Blood pressure parameters and HIV
After multivariable adjustment, office systolic and diastolic BP was lower in PWH compared to PWoH controls (–2.8 [95% CI –4.8, –0.9] mmHg, and –1.7 [–3.1, –0.2] mmHg, respectively) (Table 2). Systolic and diastolic awake mean BP was lower in PWH compared to PWoH (–1.6 [–3.1, –0.1] mmHg and –0.9 [–2.1, 0.2] mmHg, respectively). There was no evidence of a difference in mean sleep BP between the two groups. For nocturnal dipping percentage, both systolic and diastolic dipping percentages were lower in PWH (1.0 [0.3, 1.7] and 1.3 [0.4, 2.2], respectively). The differences between awake mean systolic and diastolic BP as compared to office BP in PWH versus PWoH were 0.9 [–0.4, 2.1] mmHg, p = 0.167 and 0.9 [0.1, 1.8] mmHg, p = 0.04, respectively.
Table 2
Office, awake, and asleep blood pressure and blood pressure dipping for participants with and without HIV.

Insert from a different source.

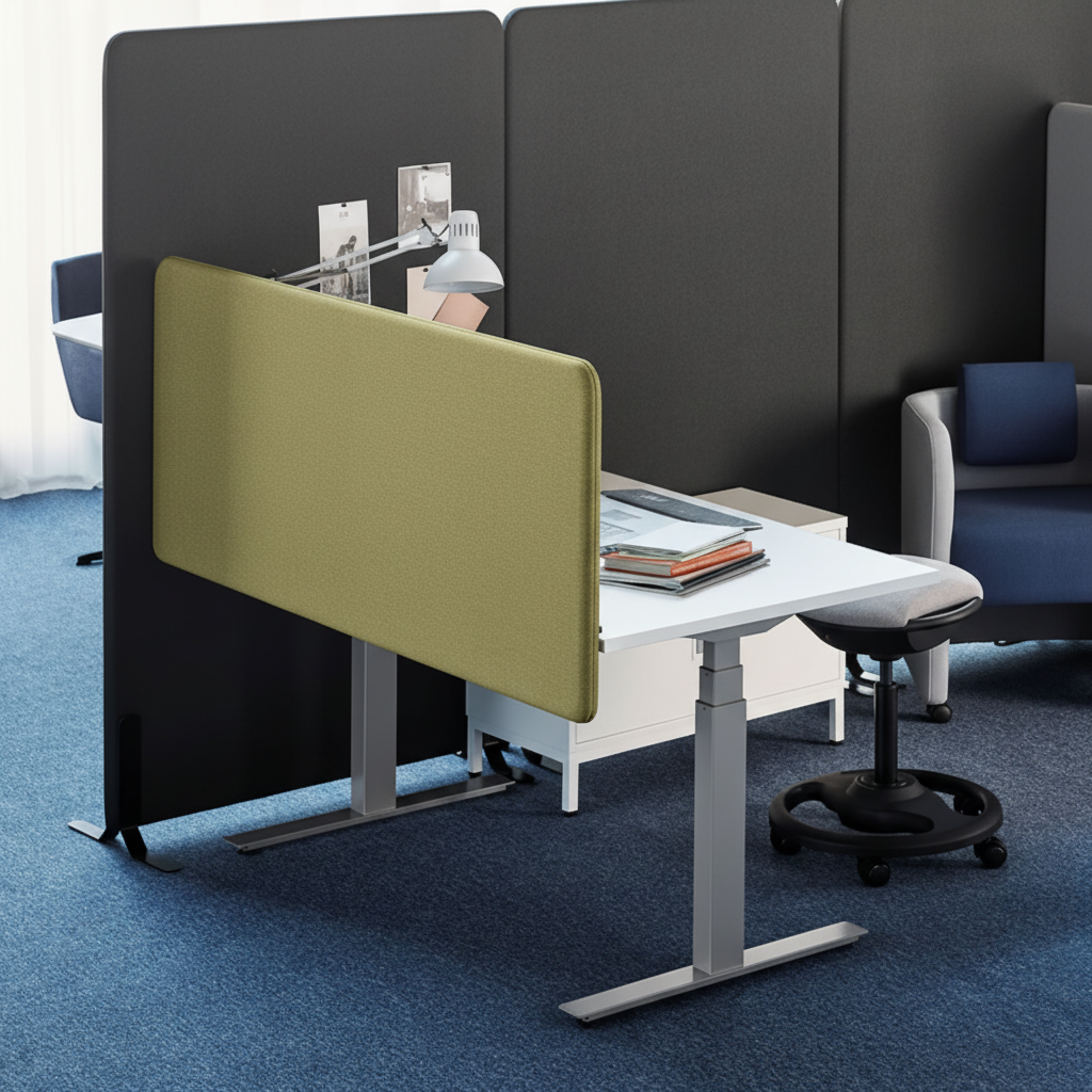 Praktisk og elegant skillevegg fra Glimakra of Sweden, designet for å dele opp arbeidsplasser og skape mer private rom i åpne kontorlandskap. Denne bordhengte skilleveggen er trukket i en stilren mosegrønn farge, som gir et naturlig og beroligende preg til kontormiljøet. Materialet har en tekstur som ikke bare gir estetikk, men også bidrar til akustisk demping, noe som er viktig for å fremme fokus og produktivitet. Feste medfølger.
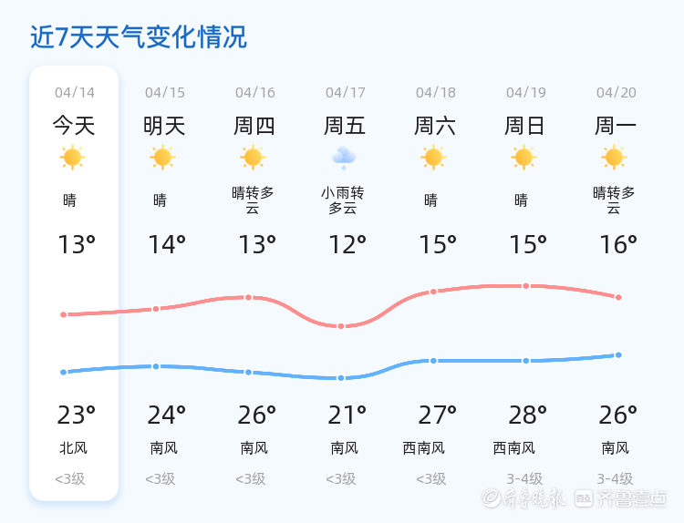 未来三天,泰安市天气以晴到多云为主,气温逐渐升高,最高气温将达到26℃,最低气温维持在13℃左右。周四(4月16日)天气晴转多云,周五(4月17日)有小雨天气过程,市民需注意携带雨具。周末(4月18日至19日)天气转晴,气温回升,但风力有所增强,风速为3-4级,市民出行时需注意防范。

| PWH (N = 483) MEAN (SD) | PWOH (N = 476) MEAN (SD) | ADJUSTED DIFFERENCE [95% CI] | p-VALUE | |
|---|---|---|---|---|
| BP parameters from office and ambulatory BP measurements | ||||
| Office systolic BP, mmHg | 113 (16.2) | 116 (16.2) | –2.8 [–4.8, –0.9] | 0.005 |
| Office diastolic BP, mmHg | 69 (12.1) | 71 (11.2) | –1.7 [–3.1, –0.2] | 0.022 |
| Awake mean systolic BP, mmHg | 122 (12.1) | 124 (12.4) | –1.6 [–3.1, –0.1] | 0.039 |
| Awake mean diastolic BP, mmHg | 80 (10.0) | 82 (9.4) | –0.9 [–2.1, 0.2] | 0.118 |
| Asleep mean systolic BP, mmHg | 114 (12.6) | 114 (12.4) | –0.2 [–1.8, 1.4] | 0.805 |
| Asleep mean diastolic BP, mmHg | 70.7 (9.6) | 70.5 (9.5) | 0.2 [–1.0, 1.4] | 0.781 |
| 24-h mean systolic BP, mmHg | 119 (11.9) | 120 (11.9) | –0.6 [1.8, 0.5] | 0.270 |
| 24-h mean diastolic BP, mmHg | 77 (9.5) | 78 (9.0) | 0.2 [–1.0, 1.4] | 0.781 |
| Nocturnal dipping: systolic BP (%) | –6.4 (5.6) | –7.5 (5.6) | 1.0 [0.3, 1.7] | 0.005 |
| Nocturnal dipping: diastolic BP (%) | –11.7 (6.9) | –13.5 (7.1) | 1.3 [0.4, 2.2] | 0.005 |
| PWH (N = 483) MEAN (SD) | PWOH (N = 476) MEAN (SD) | UNADJUSTED DIFFERENCE [95% CI] | p-VALUE | |
| Within-participant differences between ambulatory and office BP measurements | ||||
| Awake mean systolic BP minus office BP difference, mmHg | 8.3 (9.5) | 7.4 (10.1) | 0.9 [–0.4, 2.1] | 0.167 |
| Awake mean diastolic BP minus office BP difference, mmHg | 11.2 (7.3) | 10.2 (6.6) | 0.9 [0.1, 1.8] | 0.04 |
| Asleep mean systolic BP vs. office BP difference, mmHg | 0.4 (11.1) | –2.0 (11.7) | 2.4 [1.0, 3.9] | 0.001 |
| Asleep mean diastolic BP vs. office BP difference, mmHg | 1.7 (8.3) | –0.9 (7.9) | 2.6 [1.5, 3.6] | <0.001 |
[i] This table displays the relationship between BP parameters and HIV status both with raw averages and differences for BP parameters. The differences in the upper portion of the table are adjusted for age, sex, BMI, tobacco use, alcohol use, taking antihypertensives, and hemoglobin. We report unadjusted results for within-participant differences (bottom portion) because we do not expect any bias due to covariates. *SD = Standard deviation.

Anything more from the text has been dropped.